From the edge of Park Güell’s upper platform, a multi-level park propped on candle stick columns, I see La Sagrada Familia, an anthill rising in the distance. At this time of day, the sun sets just the right amount and there is a multi-colored salamander warming itself on the wall. With one eye to the past and one to the future, I watch it with curiosity roll both eyes to find me.
“I’m tired of holding on to the present,” it says.
There is a wiggle of movement and it jumps down to a park bench and over a wall held together by cigar bands.

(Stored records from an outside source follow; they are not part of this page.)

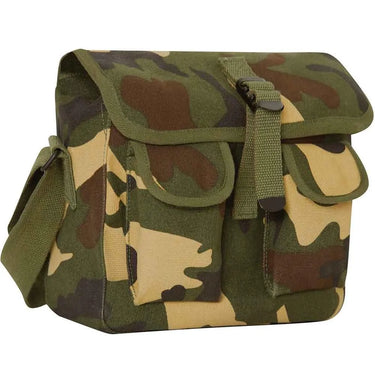This military style bag features a heavy weight cotton canvas with an adjustable shoulder strap. 2 outside hook & loop closure pockets and front flap with Metal fold over buckle closure. This plain canvas crossbody bag is a great choice for the price, and can hold cell phone, stash, etc. The military shoulder bag's dimensions are: 10" L x 8" H x 3.5" D. Imported.
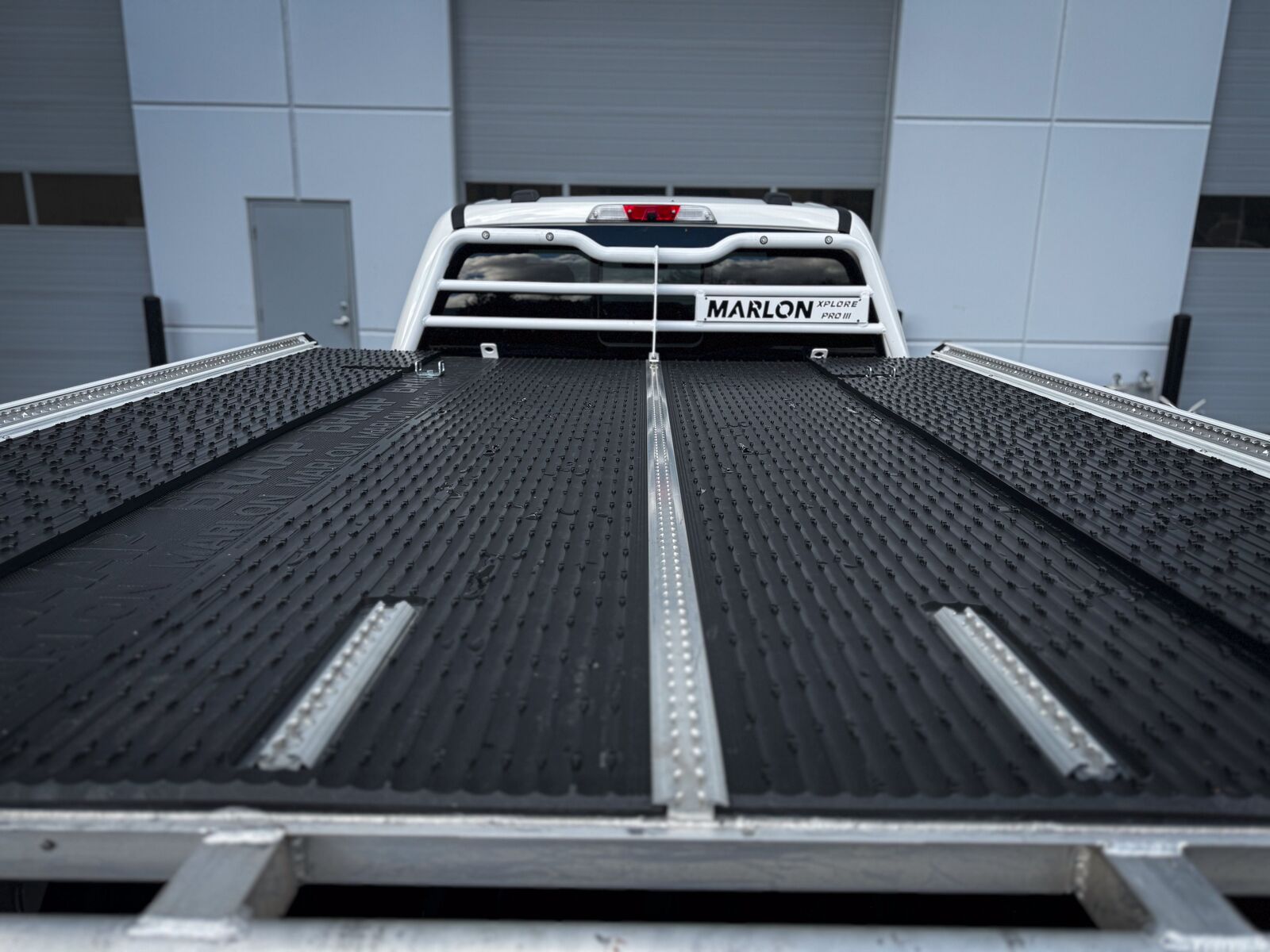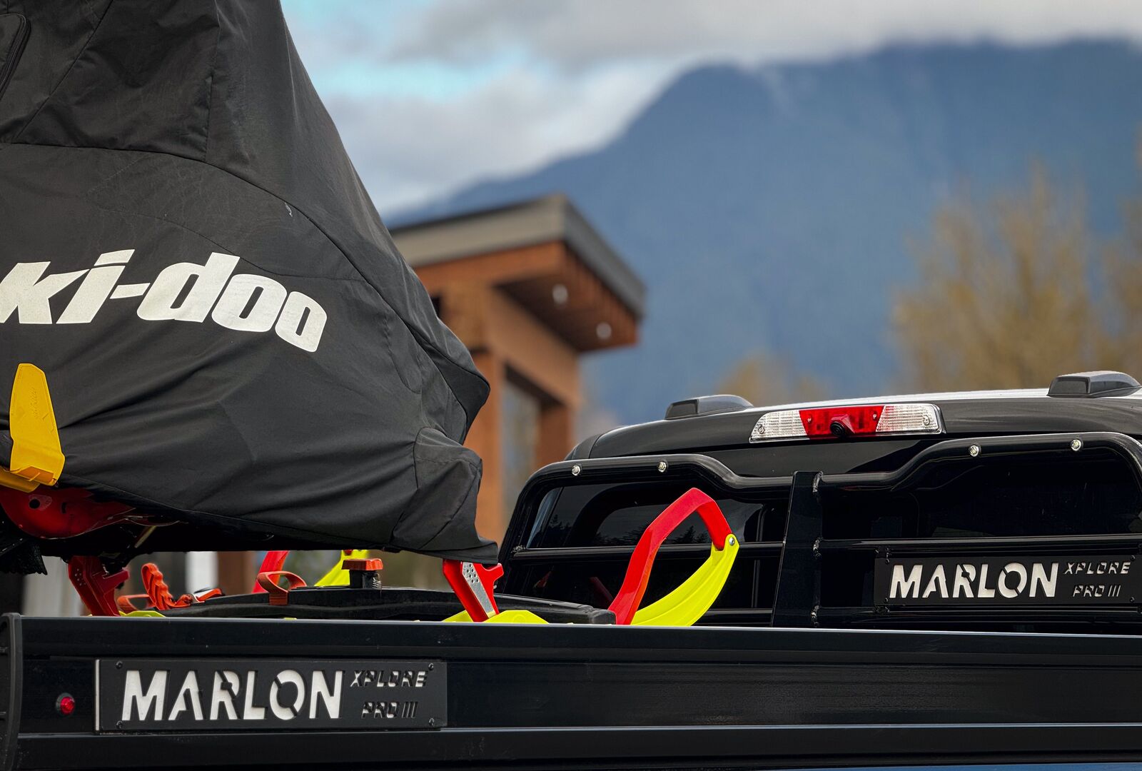 Features: •Integrated Wiring: Side and middle extrusions and enclosed wiring for LED lights inside and outside the box. •Strategic LED Lighting: Bullet lights on the headache rack and under the deck with a heavy-duty toggle switch. •New Marlon Adjustable Foot Pads: Fully adjustable legs fit any truck bed without cutting or trimming--no more shims. •Integrated Seal Kit in the frame extrusion eliminates the aluminum plate and cleans up the deck's look. •Marlon Logo Plates: Aluminum plates with a textured black finish replace decals offering a sleek look and customization options. •HDPE Decking: Durable and consistent look, removing the aluminum seal kit for easier leg adjustments. •Two-Position Slide Out: Adjustable sides for the narrow mountain sleds or full width for the trail machines--BRAAP Mode. •Headache Rack: compatible with newer trucks, accommodating third taillights and rear facing cameras. •Track with Multiple Tie Downs: Secure numerous items with ease. •HD Ramp Hooks: Mounted inside the ramp for added security. •Telescopic Ramp: Wide Superglides for wider ski stance and 50" SxS's.
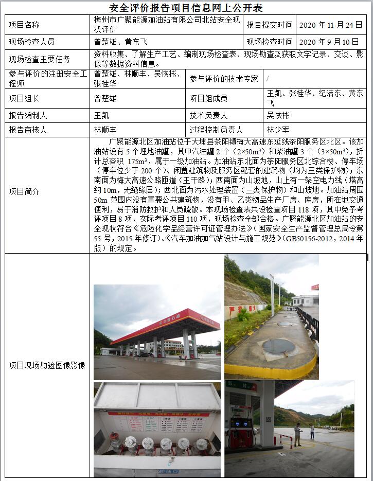 梅州市广聚能源加油站有限公司北站安全现状评价

Light reflects like a prism, colors shine from the spectacular slick skin that throws rainbows like Skittles, like silver points from an eighties disco ball.
Its tongue flickers. It is long and lashes out to lick the air, tasting the sweat of tourists who’ve made the climb; the bitterness of the coffee locals drink, the smell of fish along the restaurant row near the docks, the cafés along La Rambla, some distance, some blocks away.
La Sagrada Familia stands in the distance, watching over Barcelona, calling out “¡Venido aquí!” to those who will listen. The salamander hears the cry and scurries off to talk to an old man. The man tips his hat politely to the slithering kaleidoscope of color. He points his cane, tells the salamander to be careful, the streets can be dangerous. “Remember,” he says. “Gaudi will protect you.”
“I will,” it replies and moves on.
The salamander’s birdbath eyes of cold fall rain blink as it runs down the street.
We run together listening to music play from the shops along the way. It weeps at the youth spread out on the long, wide sidewalks.
“Everyone feels like that sometimes,” it says. “Taste it.”
My senses fill with flavors, smells, colors, tactile emotions the aging have forgotten as they wither and die. “Which is all you can expect, yes, all of you,” it says, reading my thoughts. “Each day you wake with anticipation, waiting to be stuffed back into life after breakfast while pieces of your essence are missing, sloughed off the night before. You don’t even notice.”
Its head bends back over a neck curved like a great river and says, “Miguelitos baked by a loving hand can only be so good for so long. Life will exist, but museums are homes to our memories and castles are eventually rocky hilltops. Barcelona is the future without right angles or straight lines. One can see the entropy of the world in Barcelona. It is a vast plain with no one to the rescue.”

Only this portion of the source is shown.